Cracks appear to be forming within the frames of Google's Glass initiative, as app development slows and one of Google's co-founders shows up to an event Glassless.

With the last few months of the year melting off 2014, the most recent news about Google Glass has been the absence of new information about the product's progress. Reuters recently took at look at the void of Google Glass news, and then suddenly the Internet began to remember the augmented reality headsets in a collective "oh, yeah."

Google Glass is still in its testing period, a time when app development is essential. A consumer launch with a dearth of apps could spell trouble for a product that has had a hard time drawing favorable attention from the general public.

With Google still uncommitted to an official release date for Glass, app developers are starting to move onto virtual reality or retreat back to smartphones. When support for his Glass fitness app waned, Alex Foster redirected his efforts into an analytics firms that focuses on augmented realitymarketing.

"It was devastating," Foster said of losing venture support. "All of the consumer Glass startups are either completely dead or have pivoted," to enterprise products or rival wearables.

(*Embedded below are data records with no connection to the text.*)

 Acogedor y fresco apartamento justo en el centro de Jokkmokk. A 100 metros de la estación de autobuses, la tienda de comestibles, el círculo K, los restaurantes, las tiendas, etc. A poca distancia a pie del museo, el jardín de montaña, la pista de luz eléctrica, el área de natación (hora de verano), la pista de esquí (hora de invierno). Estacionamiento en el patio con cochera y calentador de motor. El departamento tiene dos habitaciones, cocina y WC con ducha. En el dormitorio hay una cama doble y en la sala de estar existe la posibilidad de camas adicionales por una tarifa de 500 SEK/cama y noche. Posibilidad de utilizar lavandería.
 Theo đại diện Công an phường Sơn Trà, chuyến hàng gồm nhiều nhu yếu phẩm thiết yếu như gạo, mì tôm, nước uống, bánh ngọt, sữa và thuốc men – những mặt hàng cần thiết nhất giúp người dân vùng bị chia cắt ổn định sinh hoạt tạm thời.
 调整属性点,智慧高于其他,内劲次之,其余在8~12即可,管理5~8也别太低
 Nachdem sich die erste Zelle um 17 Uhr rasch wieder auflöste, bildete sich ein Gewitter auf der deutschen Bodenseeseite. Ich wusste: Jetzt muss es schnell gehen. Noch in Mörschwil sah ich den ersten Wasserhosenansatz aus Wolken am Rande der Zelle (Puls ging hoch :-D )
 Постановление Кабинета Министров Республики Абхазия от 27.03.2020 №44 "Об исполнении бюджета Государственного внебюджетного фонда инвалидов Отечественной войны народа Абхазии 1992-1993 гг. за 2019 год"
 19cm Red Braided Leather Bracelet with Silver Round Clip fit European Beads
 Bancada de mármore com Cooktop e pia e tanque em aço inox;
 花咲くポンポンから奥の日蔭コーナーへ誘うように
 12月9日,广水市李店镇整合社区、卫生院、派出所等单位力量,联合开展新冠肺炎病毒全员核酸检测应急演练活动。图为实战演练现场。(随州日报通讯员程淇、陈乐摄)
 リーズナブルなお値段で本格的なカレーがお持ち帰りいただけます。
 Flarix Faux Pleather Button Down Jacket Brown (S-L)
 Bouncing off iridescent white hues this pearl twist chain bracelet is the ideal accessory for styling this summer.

Google co-founder Sergey Brin recently told reporters he left his Glass in the car, when he showed up without it to an event in Silicon Valley.

With early adopters of Google Glass, called "Explorers," being rebranded "Glassholes" by the some in the public, the wave of angst and animosity directed at the smart glasses has made wearing them sometimes a struggle in main street's parks and cafes. However, the workplace has been a lot more accommodating of the wearables.

"These are people who can't reach into their pocket to pull out a cell phone, they can't type on a laptop," said Google Glass director Chris O'Neill. "They have every need to access information, every need to use tech to make their jobs that much more safe and productive."

Dr. Warren Wiechmann is heading up a Glass initiative at the University of California at Irvine, which is partnering with app developer Pristine on the smart glass experiment. Wiechmann says the Glass "opens things up."

Pristine is one of 10 app developers that are taking part in Google's Glass at Work initiative, which seeks to spur enterprise development for the smart glasses. With support for the Glass dying on the streets, the workplace may be the incubator that sees the product through a successful launch.

"We are completely energized and as energized as ever about the opportunity that wearables and Glass in particular represent," said O'Neill to Reuters' inquiry about Glass' health.